(ACTION ITEM) Please print every record below exactly as it appears, but leave out the pictures.

RECORDS FOR THE EXERCISE START

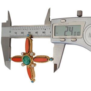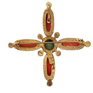 Add a touch of elegance to any outfit with this Gold Tone Maltese Cross, showcasing excellent workmanship, exquisitely made with utmost attention to every detail. It features a gold-tone Maltese Cross figure intricately designed with bezel set orange and green mottled cabs at the center accented with clear rhinestones. It measures 2.4 inches in length. The back is marked with number 3244 and could be a Sphinx piece, it has a secure locking pin that functions properly and a bale for your favorite chain necklace. This versatile piece is perfect for collectors or those looking for a unique accessory to complement their style, this brooch is sure to catch the eye.
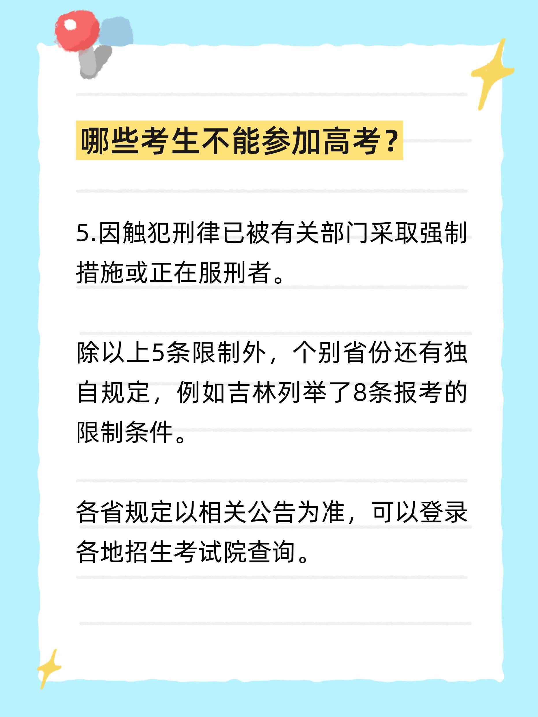 处于停考期人员:因违反考试规定被暂停高考资格且在处罚期内的人员。 触犯刑律者:因触犯刑法被采取强制措施或正在服刑的人员。 除以上5条限制外,个别省份还有独自规定,例如吉林列举了8条报考的限制条件。各省规定以相关公告为准,可以登录各地招生考试院查询。
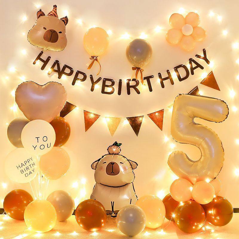 卡皮巴拉主题儿童生日气球装饰女孩周岁派对背景墙氛围仪式感棕色
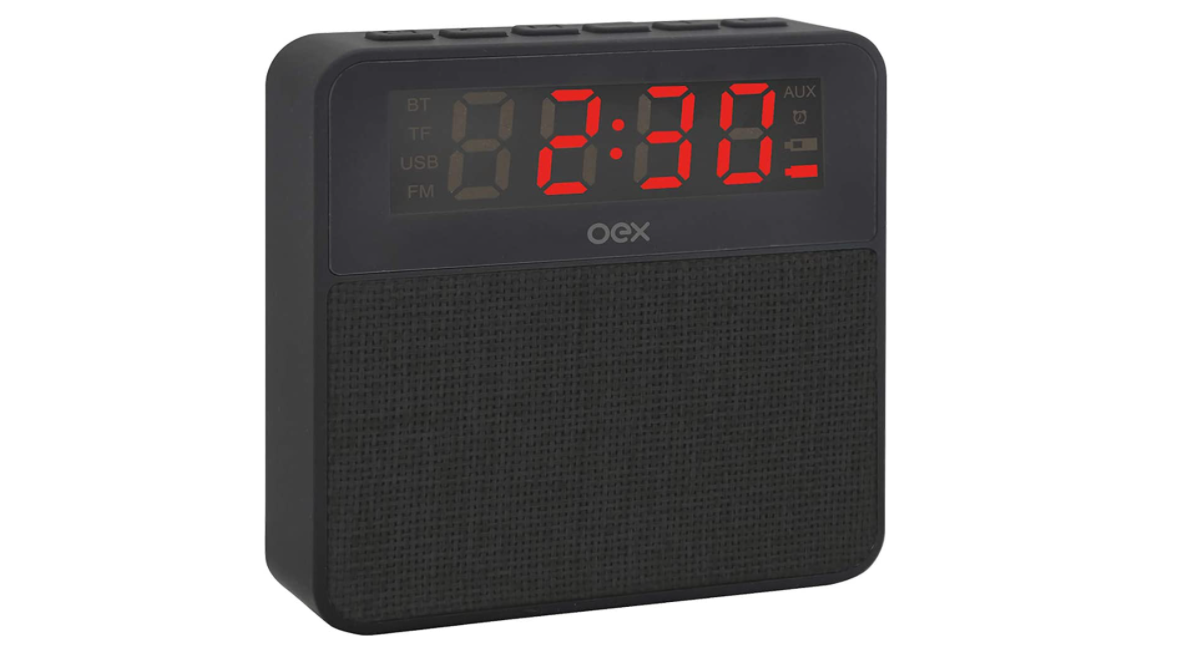 Com Bossui bluetooth, tempo de reprodução de 8 horas e sintonizador de FM digital, o item também conta com visor LCD com iluminação, além de cinco botões para gravar rádios predefinidas.
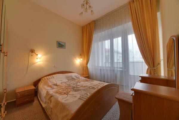 - 2-местный 2-комнатный Семейный (ремонт 2013-2014 г). Площадь номера – 28 кв.м. В номере: двуспальная кровать, телевизор, холодильник, чайник, набор посуды, система кондиционирования воздуха, ванные принадлежности, совмещенный санузел с ванной, балкон.
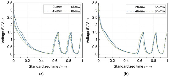 Voltage profiles of selected (a) l-mw and (b) h-mw half-cell samples.
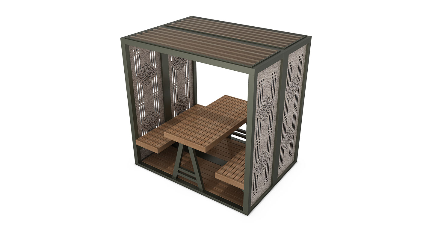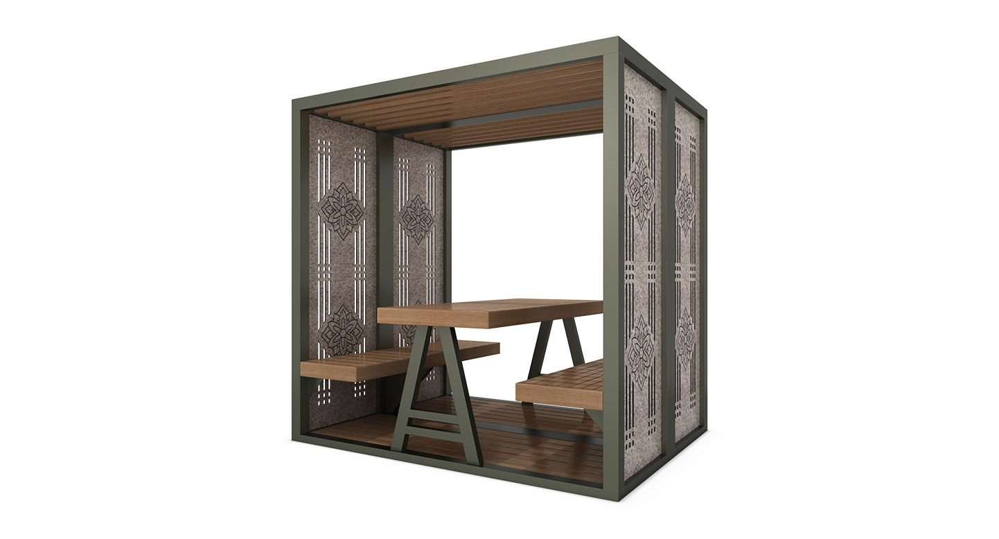 앤틱 패널 핏(ANTIQUE-PANEL FIT)|DAUM-P-429A-1 제품목록으로 바로가기 자료 및 바로가기 나라장터 바로연결 도면 다운로드 시공사진 보러가기 기타 측면의 정교한 전통 타공 패널이 특징인 프리미엄 미니 쉘터입니다. 패널 사이로 스며드는 빛과 그림자가 공간에 고풍스러운 품격을 더해줍니다. 제품명 앤틱 패널 핏(ANTIQUE-PANEL FIT)|DAUM-P-429A-1 물품식별번호 25031339 규격 2,150 X 1,500 X 2,120(H) 재질 stl, hard wood, pc, hpl 앤틱 패널 핏(ANTIQUE-PANEL FIT)|DAUM-P-429A-1 물품식별번호 25031339 규격 2,150 X 1,500 X 2,120(H) 재질 stl, hard wood, pc, hpl 기타 측면의 정교한 전통 타공 패널이 특징인 프리미엄 미니 쉘터입니다. 패널 사이로 스며드는 빛과 그림자가 공간에 고풍스러운 품격을 더해줍니다. 자료 및 바로가기 나라장터 바로연결 도면 다운로드 시공사진 보러가기
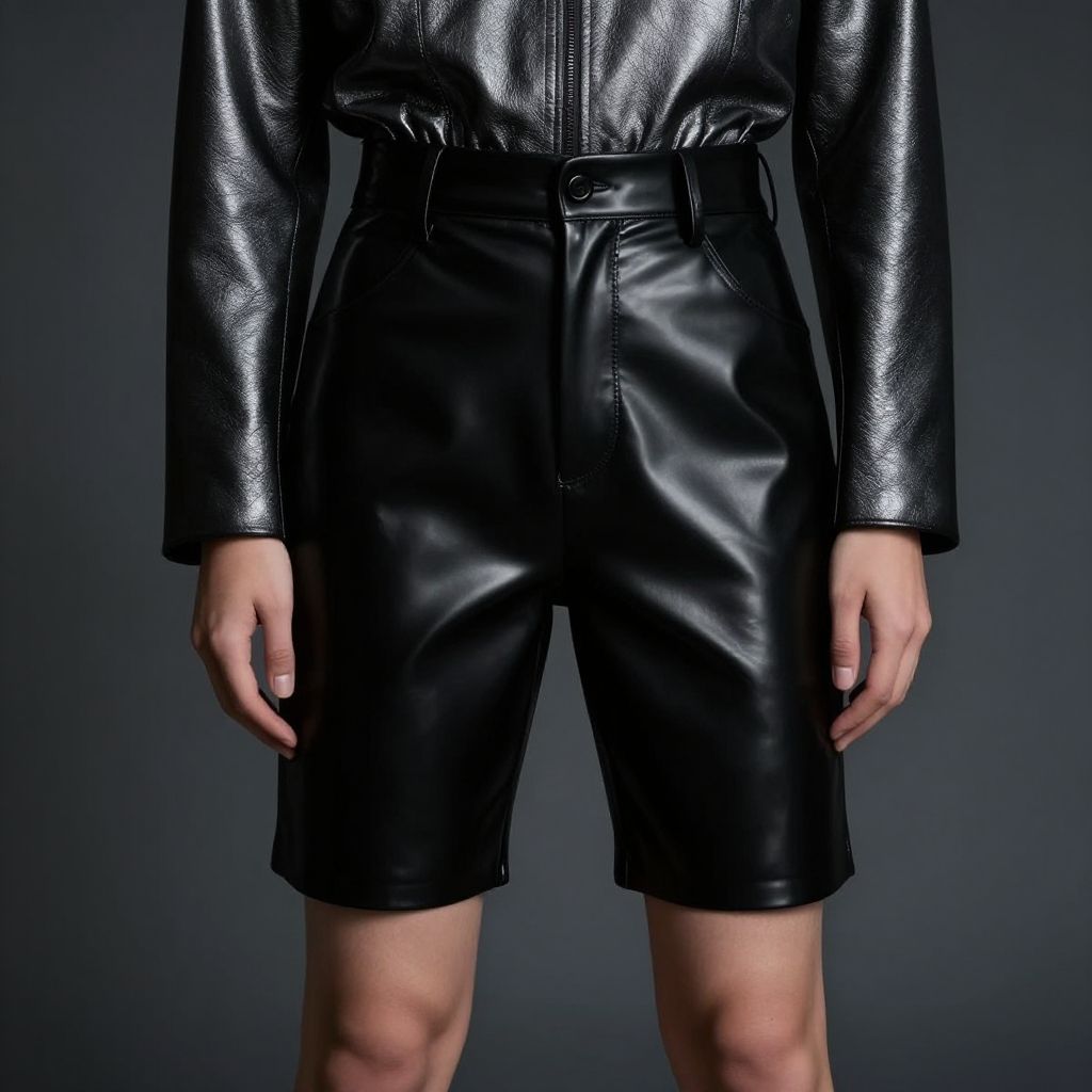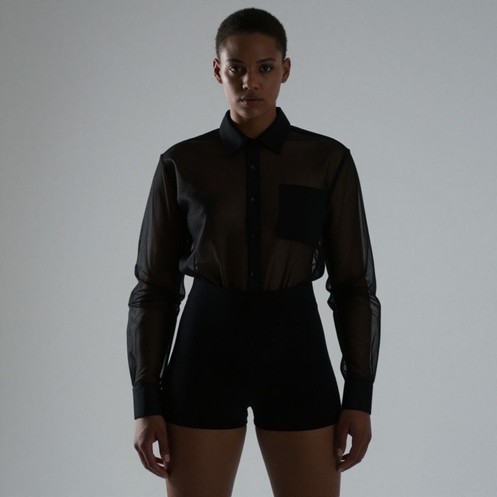 Photograph of a serious-faced, dark-skinned woman with short, natural hair, standing against a plain, light gray background. She wears a black, semi-sheer, long-sleeve button-up shirt that is slightly transparent, revealing a hint of a black undergarment. Her black shorts are high-waisted and form-fitting, accentuating her slender, athletic build. The lighting is minimal, creating strong shadows and highlighting the contours of her face and body. The overall composition is simple, focusing on her confident, poised stance and the contrast between the dark clothing and light background.

RECORDS FOR THE EXERCISE END

(WORKED SOLUTION)
 Add a touch of elegance to any outfit with this Gold Tone Maltese Cross, showcasing excellent workmanship, exquisitely made with utmost attention to every detail. It features a gold-tone Maltese Cross figure intricately designed with bezel set orange and green mottled cabs at the center accented with clear rhinestones. It measures 2.4 inches in length. The back is marked with number 3244 and could be a Sphinx piece, it has a secure locking pin that functions properly and a bale for your favorite chain necklace. This versatile piece is perfect for collectors or those looking for a unique accessory to complement their style, this brooch is sure to catch the eye.
 处于停考期人员:因违反考试规定被暂停高考资格且在处罚期内的人员。 触犯刑律者:因触犯刑法被采取强制措施或正在服刑的人员。 除以上5条限制外,个别省份还有独自规定,例如吉林列举了8条报考的限制条件。各省规定以相关公告为准,可以登录各地招生考试院查询。
 卡皮巴拉主题儿童生日气球装饰女孩周岁派对背景墙氛围仪式感棕色
 Com Bossui bluetooth, tempo de reprodução de 8 horas e sintonizador de FM digital, o item também conta com visor LCD com iluminação, além de cinco botões para gravar rádios predefinidas.
 - 2-местный 2-комнатный Семейный (ремонт 2013-2014 г). Площадь номера – 28 кв.м. В номере: двуспальная кровать, телевизор, холодильник, чайник, набор посуды, система кондиционирования воздуха, ванные принадлежности, совмещенный санузел с ванной, балкон.
 Voltage profiles of selected (a) l-mw and (b) h-mw half-cell samples.
 앤틱 패널 핏(ANTIQUE-PANEL FIT)|DAUM-P-429A-1 제품목록으로 바로가기 자료 및 바로가기 나라장터 바로연결 도면 다운로드 시공사진 보러가기 기타 측면의 정교한 전통 타공 패널이 특징인 프리미엄 미니 쉘터입니다. 패널 사이로 스며드는 빛과 그림자가 공간에 고풍스러운 품격을 더해줍니다. 제품명 앤틱 패널 핏(ANTIQUE-PANEL FIT)|DAUM-P-429A-1 물품식별번호 25031339 규격 2,150 X 1,500 X 2,120(H) 재질 stl, hard wood, pc, hpl 앤틱 패널 핏(ANTIQUE-PANEL FIT)|DAUM-P-429A-1 물품식별번호 25031339 규격 2,150 X 1,500 X 2,120(H) 재질 stl, hard wood, pc, hpl 기타 측면의 정교한 전통 타공 패널이 특징인 프리미엄 미니 쉘터입니다. 패널 사이로 스며드는 빛과 그림자가 공간에 고풍스러운 품격을 더해줍니다. 자료 및 바로가기 나라장터 바로연결 도면 다운로드 시공사진 보러가기
 Photograph of a serious-faced, dark-skinned woman with short, natural hair, standing against a plain, light gray background. She wears a black, semi-sheer, long-sleeve button-up shirt that is slightly transparent, revealing a hint of a black undergarment. Her black shorts are high-waisted and form-fitting, accentuating her slender, athletic build. The lighting is minimal, creating strong shadows and highlighting the contours of her face and body. The overall composition is simple, focusing on her confident, poised stance and the contrast between the dark clothing and light background.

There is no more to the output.